PROBLEM STATEMENT - Without changing a word, copy every line of the listing below and leave out the images.

MATERIAL SHOWN -
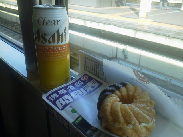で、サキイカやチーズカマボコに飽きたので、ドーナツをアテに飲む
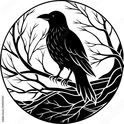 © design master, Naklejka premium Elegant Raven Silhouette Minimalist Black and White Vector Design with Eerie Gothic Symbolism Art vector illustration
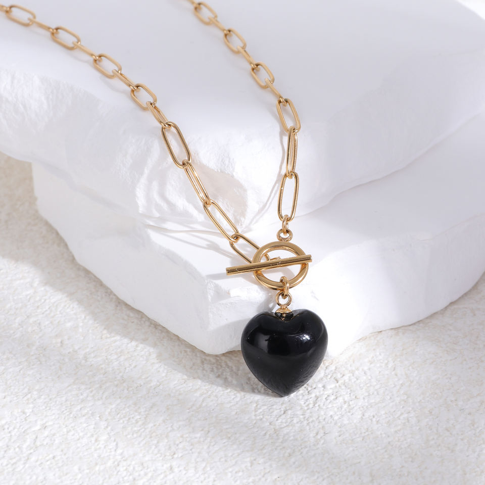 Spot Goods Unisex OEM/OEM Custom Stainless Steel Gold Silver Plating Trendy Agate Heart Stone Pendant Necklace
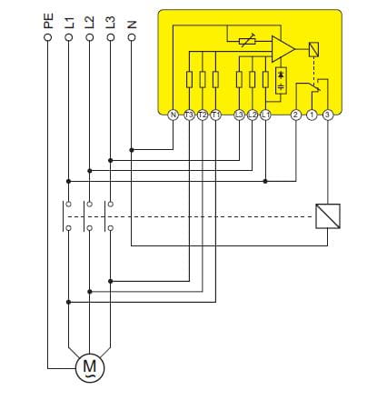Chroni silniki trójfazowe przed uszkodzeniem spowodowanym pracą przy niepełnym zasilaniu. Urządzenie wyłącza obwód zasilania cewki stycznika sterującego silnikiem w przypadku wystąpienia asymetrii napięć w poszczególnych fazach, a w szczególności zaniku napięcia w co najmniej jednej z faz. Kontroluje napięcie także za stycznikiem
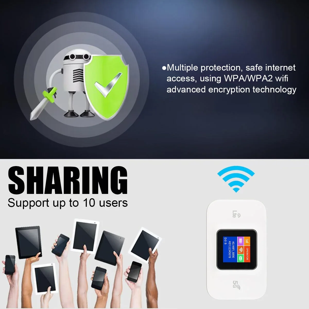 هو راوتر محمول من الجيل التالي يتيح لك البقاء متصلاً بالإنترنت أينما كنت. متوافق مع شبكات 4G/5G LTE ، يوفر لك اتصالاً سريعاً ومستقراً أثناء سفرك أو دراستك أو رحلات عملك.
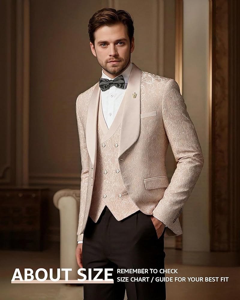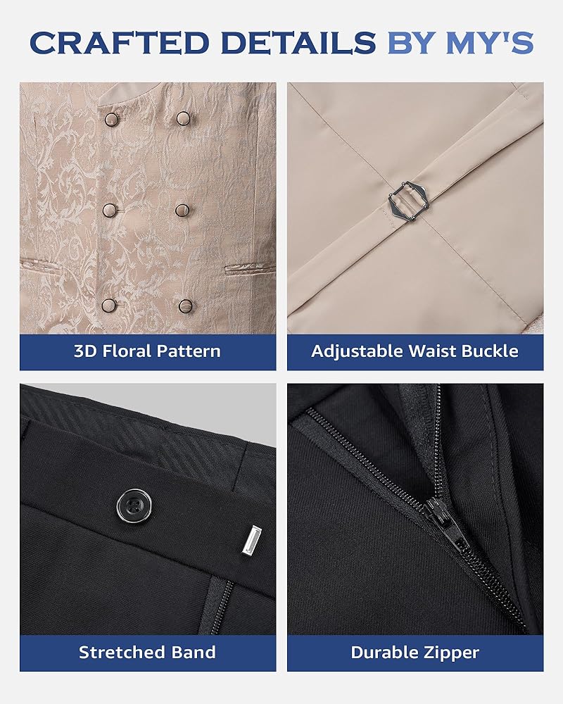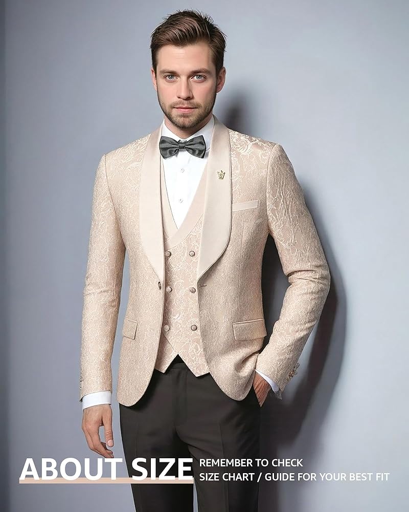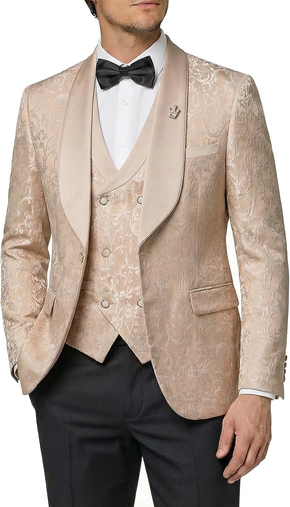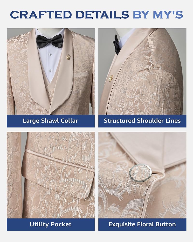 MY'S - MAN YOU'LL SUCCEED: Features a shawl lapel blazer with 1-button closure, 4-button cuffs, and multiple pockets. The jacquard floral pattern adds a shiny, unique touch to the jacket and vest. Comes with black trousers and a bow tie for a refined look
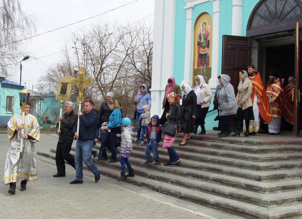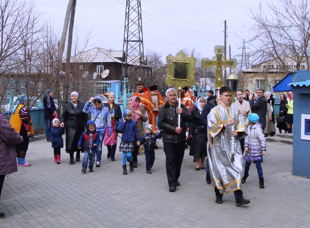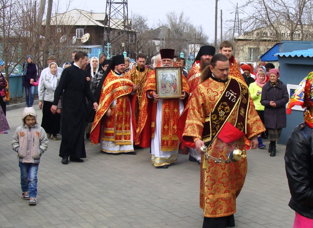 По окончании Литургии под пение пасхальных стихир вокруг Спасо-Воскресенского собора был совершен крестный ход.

WRITTEN ANSWER -
で、サキイカやチーズカマボコに飽きたので、ドーナツをアテに飲む
 © design master, Naklejka premium Elegant Raven Silhouette Minimalist Black and White Vector Design with Eerie Gothic Symbolism Art vector illustration
 Spot Goods Unisex OEM/OEM Custom Stainless Steel Gold Silver Plating Trendy Agate Heart Stone Pendant Necklace
Chroni silniki trójfazowe przed uszkodzeniem spowodowanym pracą przy niepełnym zasilaniu. Urządzenie wyłącza obwód zasilania cewki stycznika sterującego silnikiem w przypadku wystąpienia asymetrii napięć w poszczególnych fazach, a w szczególności zaniku napięcia w co najmniej jednej z faz. Kontroluje napięcie także za stycznikiem
 هو راوتر محمول من الجيل التالي يتيح لك البقاء متصلاً بالإنترنت أينما كنت. متوافق مع شبكات 4G/5G LTE ، يوفر لك اتصالاً سريعاً ومستقراً أثناء سفرك أو دراستك أو رحلات عملك.
 MY'S - MAN YOU'LL SUCCEED: Features a shawl lapel blazer with 1-button closure, 4-button cuffs, and multiple pockets. The jacquard floral pattern adds a shiny, unique touch to the jacket and vest. Comes with black trousers and a bow tie for a refined look
 По окончании Литургии под пение пасхальных стихир вокруг Спасо-Воскресенского собора был совершен крестный ход.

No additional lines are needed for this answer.